I never was good with authority. Maybe the universe is trying to tell me something.


6.
I sometimes think of anxiety like a giant ball of rubber bands. I know it’s a bit cliché, but it’s one of those mental images that have stuck with me over the years. It’s not like a shark attack, there’s no dark cloud that hovers, and it’s simply something that finds too much pressure from any little thing and snaps.

Like Floridian sun, standing in the fields of pea’s still on the plant at the babysitters when I was a child.

Snap, snap, snap. Pluck ‘em off, snap off the ends, toss them in the pot to cook.

And even when were cooked well, they snapped when you bit into them. Snap Peas.  Grown with sunshine, and another’s labor.

I never understood why that same farm had so many cute little bunnies in cages.


7.
Show me love
Show me love
Show me love

Lyrics sometimes are like a praying mantra to me, they help me breathe. I think sometimes it’s the beat that speaks to me, and other times it’s like someone’s taken that voice that I can’t use and tossed it into the sky and let it rain down in the perfect combination of syllables and pronunciations that I feel so at home tucked into it. Maybe it’s human, something bigger than me, that connection to the universe.


8.
I had anxiety before the first time I realized I had nowhere to go.

At twenty two I had two children under the age of three, a 1999 Oldsmobile 88 (which always confused those I was talking to, when it came to the model and year) that had a habit of overheating thanks to an old accident after the nasty snowfalls. I guess if I had to go homeless anywhere I was in the best state for it. The best part was the circumstances that had landed me there.

I was in a relationship, the father of my children (which was established by these great agencies through a series of large, very personal, very important questions – regardless of what their signed birth certificates said). I had a job, we had an apartment, two cars. One winter, it’s funny how much can change. My son got sick, we lost one car in the ice and his father sliding it into a jeep. We almost lost the second one to bald tires, a cracked windshield and a pissed off police officer just doing his job. Within a series of two or three months, we realized we had lost the apartment too. My work schedule didn’t wiggle in room for a seven month old child being hospitalized for two months with bone infections, and his couldn’t cover the cost of everything that we’d already fallen behind on.

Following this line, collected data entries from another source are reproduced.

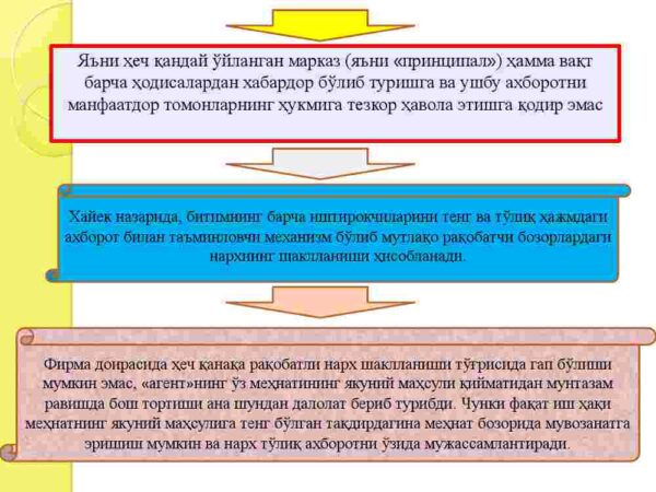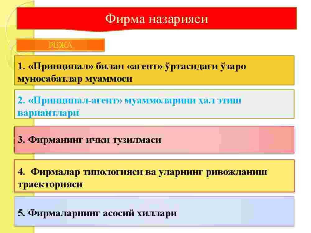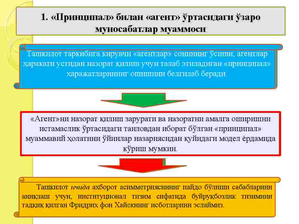 1. «Prinsipal» bilan «agent» o’rtasidagi o’zaro munosabatlar muammosi.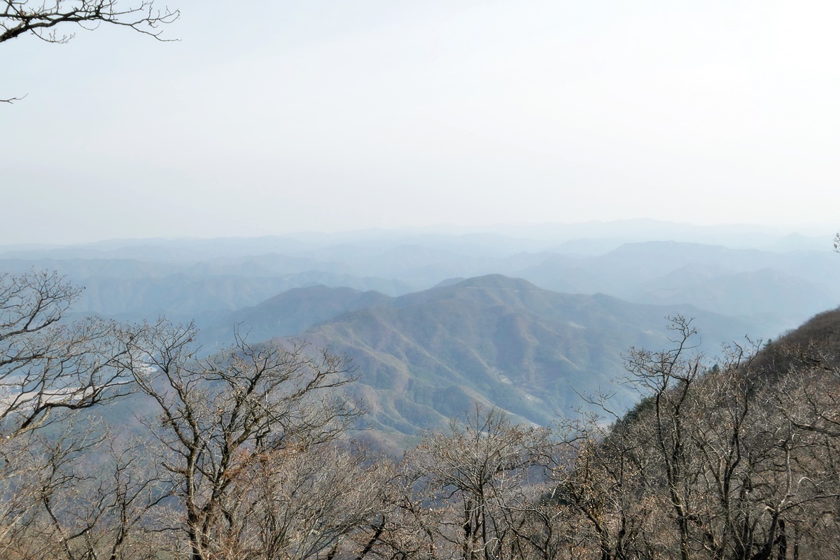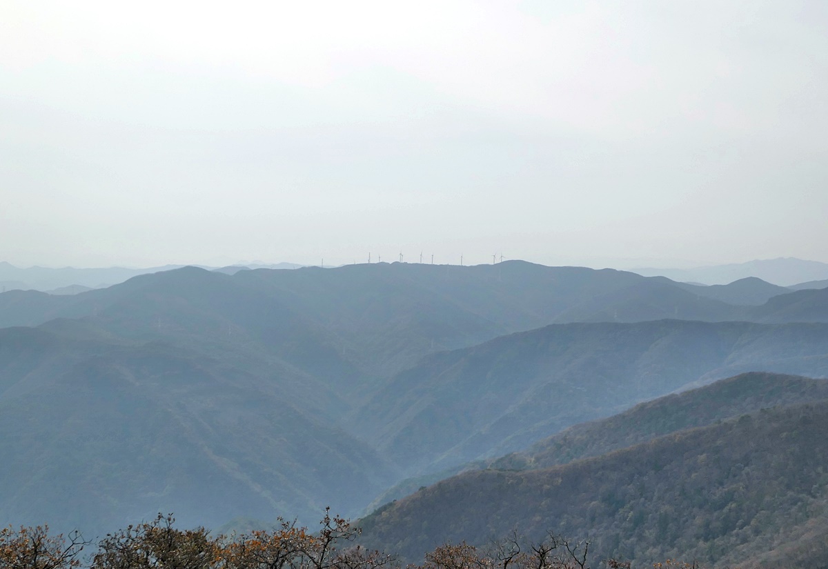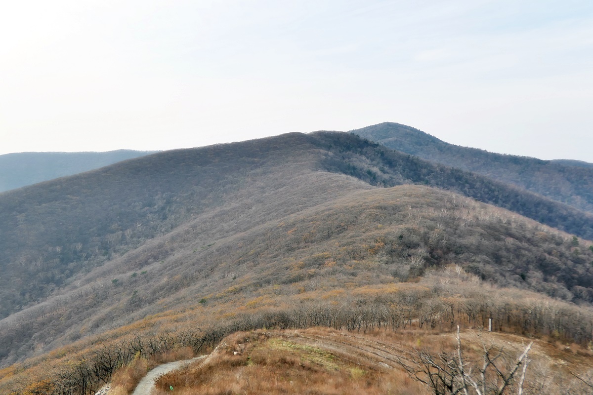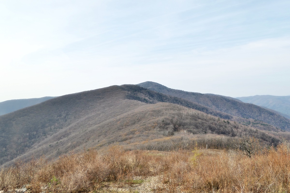 멀리 서쪽으로 희미하지만 평찬군 미탄면에 위치한 육백마지기가 있는 청옥산(1,257m).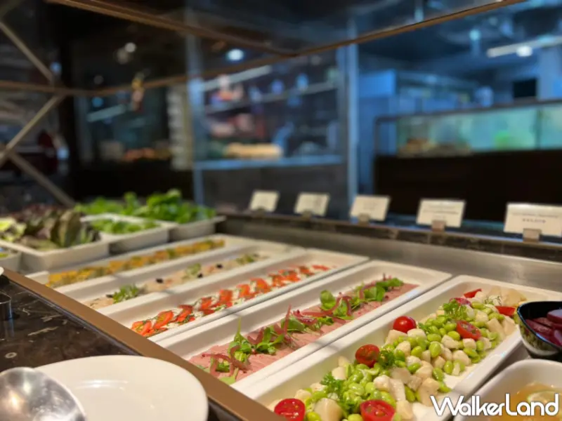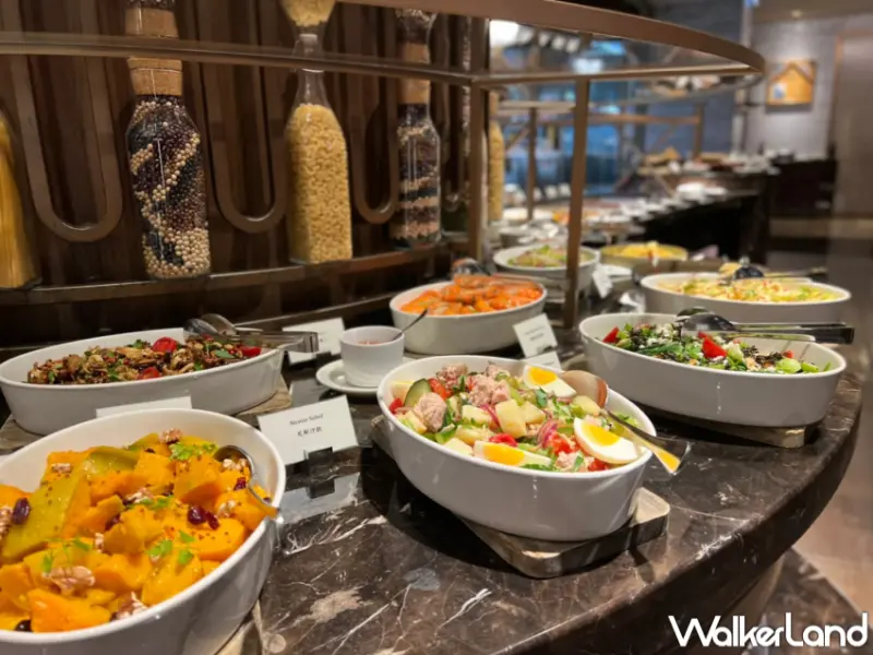 甜點區供應手工特製栗子蛋糕、馬卡龍、提拉米蘇及季節水果….等數十種餐點,義式沙拉吧除自助式餐點外,也包含湯品及咖啡或茶。
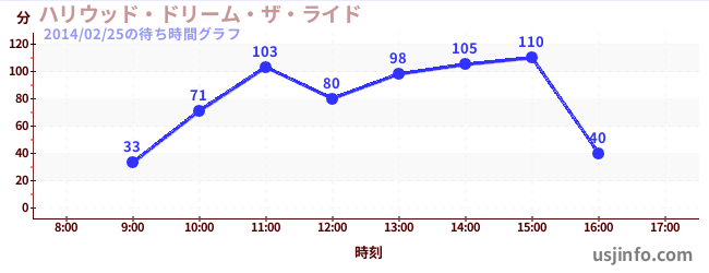 • ハリウッド・ドリーム・ザ・ライド$B$N(B2014年02月25日の待ち時間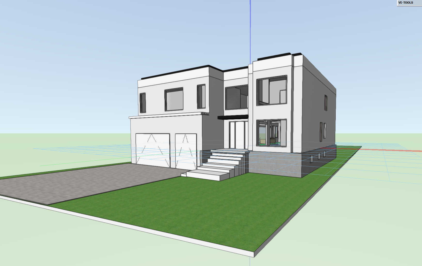 create a photography of a house from this image keep the exact point of view and the exact proportion do not alter the building shape or architectural details from the image 1 the house is located in a suburan neighbourhood in the background and bushes in the foreground 2 the house is a modern stone design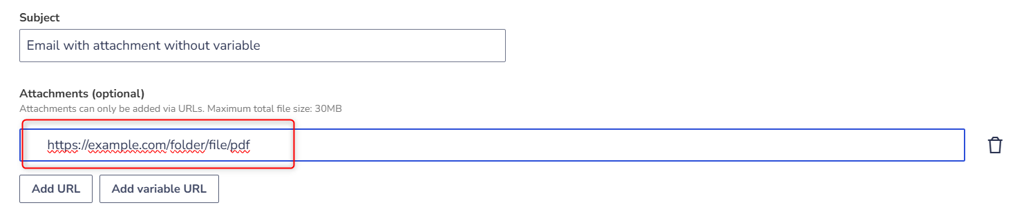 • Subject, message body, and attachments can contain variables in the format {{variable}}.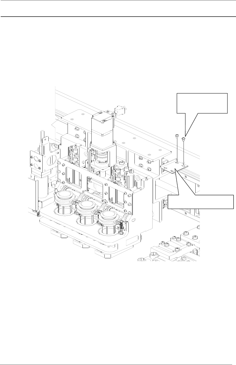 2) 将 X 轴止动器和点胶头板块边押合边固定(参照下图)。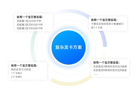 更智能化的设置,满足小众商家特殊场景需求。可实现按购买数量/留言/备注不同发对应不同的卡券库/发不同的文字内容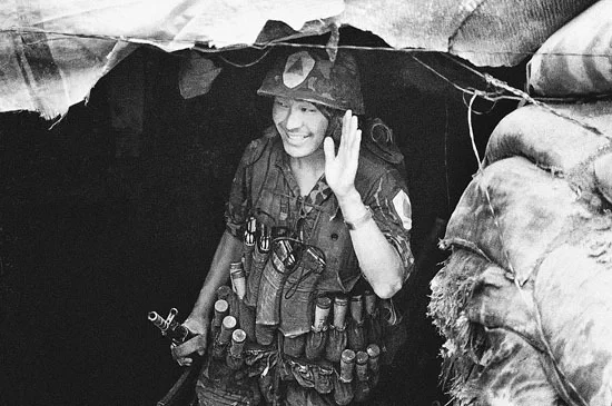 1986年10月14日,老山轮战期间,时任第一突击队副队长的彝族青年罗卜基在战斗打响前走出屯兵洞,这是他生前最后一张照片,后在押解越军俘虏途中,遭遇越军炮弹袭击,罗卜基为了保护俘虏扑在越军俘虏身上,而后牺牲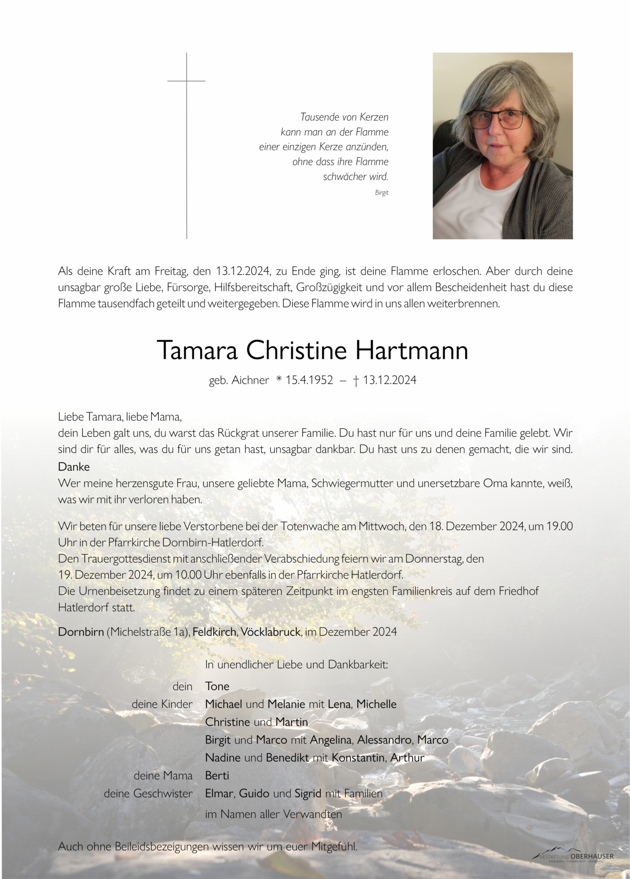 Neue Kerze für Tamara Christine Hartmann entzünden.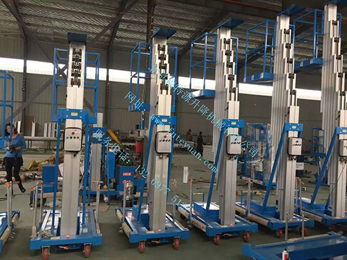 通常有單柱、雙柱、三柱、四柱、六柱等形式,根據(jù)需要可以加裝輔助行走裝置,為了放過通過低矮的通道可以定做為可斜式,還可以安裝到汽車、電瓶車等方便高空作業(yè)使用。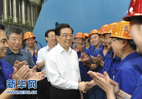 7月9日至11日,中共中央總書記、國家主席、中央軍委主席胡錦濤在河南省考察工作。這是胡錦濤同中信重工機械股份有限公司干部職工親切交談,勉勵他們不斷增強自主創新能力,全面提升企業競爭力,努力在世界裝備制造業占有一席之地。新華社記者 李學仁 攝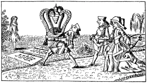 “Quem são eles?” Perguntou a Rainha, apontando aos três jardineiros deitados ao redor da roseira, pois, já que eles estavam de rosto no chão e os padrões de suas costas eram os mesmos dos demais, ela não sabia dizer se eles eram jardineiros, soldados, cortesãos, ou seus filhos.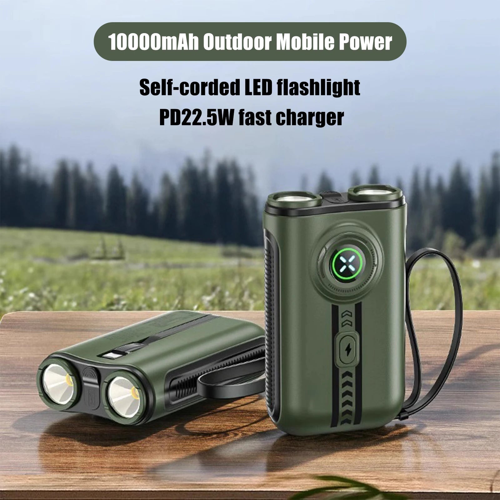 Purilite Select Outdoor Portable Power Bank Flashlight 2-in-1 – 22.5W Fast Charging 10000mAh with Built-in Data Cable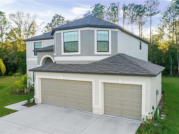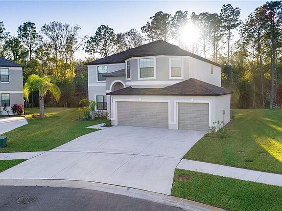 One or more photo(s) has been virtually staged. Location is incredible! Ready to move in immediately to this beautiful huge 5/3/3 LENNAR home? Looking for your quiet paradise? This magnificent Cul-de-Sac home is on over 1/4 acre of conservationist lot. The "Wolcott" is a very desirable two-story floor plan, offering 5 bedrooms, Den, Family room, Living room, Dining room, Dinette, Loft area, 3 full baths and 3-car garage. Spacious great room is open to kitchen offering large center island and dining room which makes this home perfect for everyday living or formal entertaining. The Chef's kitchen has an abundance of counter space, cabinets, eating space in kitchen, recessed lighting, double pantries, and is open to family room for entertaining. Home is designed with high ceilings, beautiful lighting fixtures, open concept for entertaining and dining. Large Master suite 19x19 with double walk-in closets, large master bath with garden tub, double vanity, and walk in shower. Upstairs offers three additional bedrooms all with ceiling fans and crown molding. Don't forget about the upstairs Loft 12x11 area for a family gathering point or den and full bath #3. Washer/Dryer are conveniently located on the second floor. This home has screen rear lanai off kitchen area, 3 car garage with remotes, irrigation system, and dual control A/C centralized system. Come see what this home has to offer and check out the community which has pool, playground, and much more! Silverado Ranch is incredible. Call today to book your showing before this one is gone!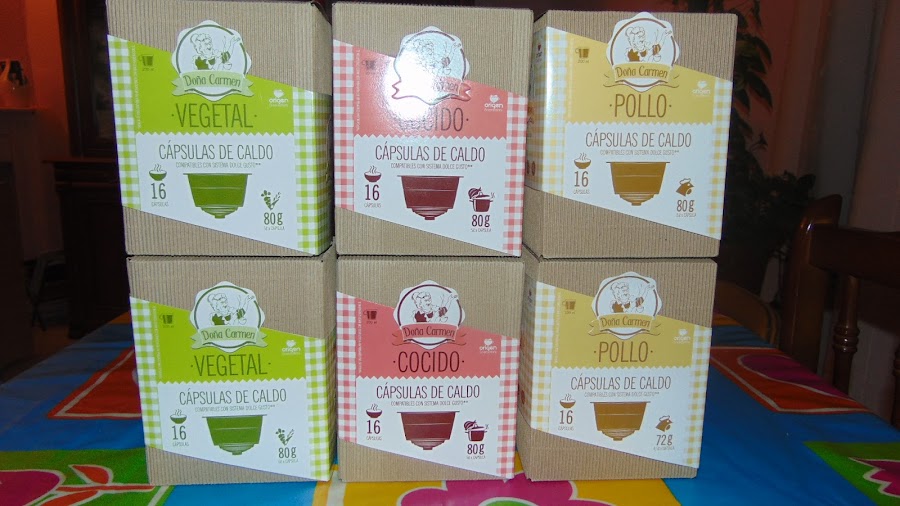 Cápsulas de Caldo Doña Carmen, aptas para Cafetera Nescafé Dolce Gusto: Llega el invierno y muchas veces apetece tomarse un caldo caliente para entrar en calor. Ahora es posible prepararlo al instante sin esperar más que unos segundos y sin ensuciar. Prepara un delicioso caldo desde tu cafetera Dolce gusto y disfrútalo en cualquier momento. Tres sabores disponibles pollo, cocido y vegetal. Cada pack contiene 16 cápsulas de caldo. Limpiar la cafetera después de uso sobre todo si la usáis después para hacer café para que no se os mezclen los sabores. Aproximadamente con una cápsula sale un vaso o taza de caldo. Precio 4,49 la unidad. Después de probarlas puedo decir que tienen un sabor muy rico y natural, no parece el típico caldo preparado y tiene un sabor intenso, no es nada aguado.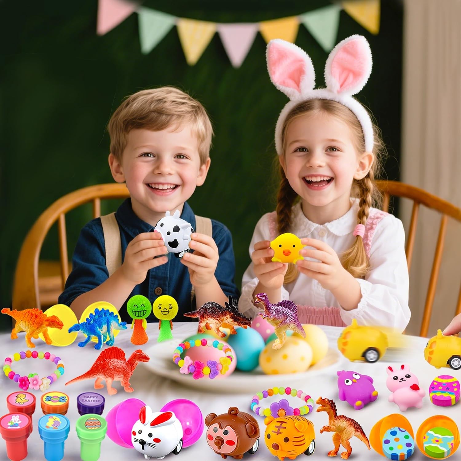 Free eBay listing template designed by dewiso.com 318 pcs Easter Eggs 100 pack Easter Eggs Bulk wtih 218 Toys inside Small Toys for Easter Egg Easter Basket Stuffers Hunt Party Favors for Kids Toddlers Boys Girls FREE AND FAST SHIPPING! About this item 🐣Super Value Pack : 100 easter eggs for kids with toys inside, a variety of 218 pcs toys: , 6 slap bracelets, 6 animal pull back cars, 15 easter themed erasers, 10 mochi squishy, 6 stretchy easter bunny, 6 jump toy, 10 stamps, 12 mini dinosaurs toy, 6 easter keychains, 10 pcs temporary tattoos for kids, 100 pcs easter stickers and 21 cute rings and 10 bracelets for little girls. 🐇Safe and Durable: These plastic Easter eggs for kids are made of high-quality plastic that is non-toxic and BPA-free. They are easy to open and close, and won't break or fade easily. All bulk Easter eggs and Easter toys have a soft surface and smooth edges, ensuring your child can play safely. These high-quality plastic eggs are suitable for both indoor and outdoor play,not for kids under 3 years old. 🎊Easter gift for all occasions : Our stuffed easter eggs suitable for many occasions such as kids easter basket stuffers,easter egg fillers, easter goody bags stuffers for kids, easter trinkets, easter treats for kids, easter party favors, easter party supplies, easter prizes, eggs for easter egg hunt, classroom rewards, carnival prizes in bulk, easter eggs filled with toys for kids, stuffed easter eggs, easter baskets for kids. 🍭FUN EDUCATIONAL TOYS: These Easter eggs with toys are not only fun to play with, but also provide interactive activities that develop social skills and improve eye-hand coordination. Kids will be delighted when they discover the prizes filled with colorful Easter eggs. 🎁The Perfect Easter Gift: Give your child the perfect gift and make this Easter unforgettable. Our Easter eggs bulk are made of premium quality, ensuring a delightful and magical experience for children, making them the ultimate Easter gift. Make Easter more exciting, fun, and engaging for your child. Product We offer a 30-Day Return Policy on items which you are not completely satisfied with. You have the option for a full-refund or an exchange of the item. No returns are available on items shipped outside of the US . Shipping We offer Free Shipping to the US and ship within 2 business days of payment, usually sooner. We use UPS express shipping. That's why your products are usually delivered within 3 days . Contact We try our very best to make sure every customer is completely satisfied. If there's a problem , message us! We're happy to help. 24/7 live chat available.

But it didn’t matter, to every place I had to fill out paperwork I was just another leech on the system. Besieged by tired judgmental sighs and paperwork that never ceased my excuses were just that. I began to learn then, the biggest lesson in it all. Nobody cares about excuses. They don’t want to hear the story, because regardless of the why you were still there. There was really only one thing to do at that point.


9.
It took me a long time to accept that I had no rational reason for being terrified and to stop trying to use excuses for it. I know that’s not a philosophy for everyone, but I was raised in a generation where you had to suck it up buttercup and keep moving along. Those rubber bands could be used as quick snaps if the panic got too bad, or sometimes a friendly voice. I couldn’t tell the world I was simply to terrified to get out and back into it, could I? The best part was how much confidence I seem to have to people, and it disturbs me to think that the rabbit friends I have aren’t so different. There’s a kind of toughness you build up though, when you go through that experience. I was homeless a total of almost two times, though in the sense of a shelter over having to sleep in a car. It was something, for certain, of a learning lesson in humility and pride.

The fear never really goes away. Some days it’s difficult to remind my heart the second I open my eyes that there’s nothing rational to be terrified about. Sometimes sitting in a room full of people I’d just laughed with the day before aren’t going to turn around and be whatever terrifying thing my primal brain has convinced itself of without my knowledge or permission. Every day, like the day before, is a different kind of battle and the minute you let its own you is the moment you lose that war.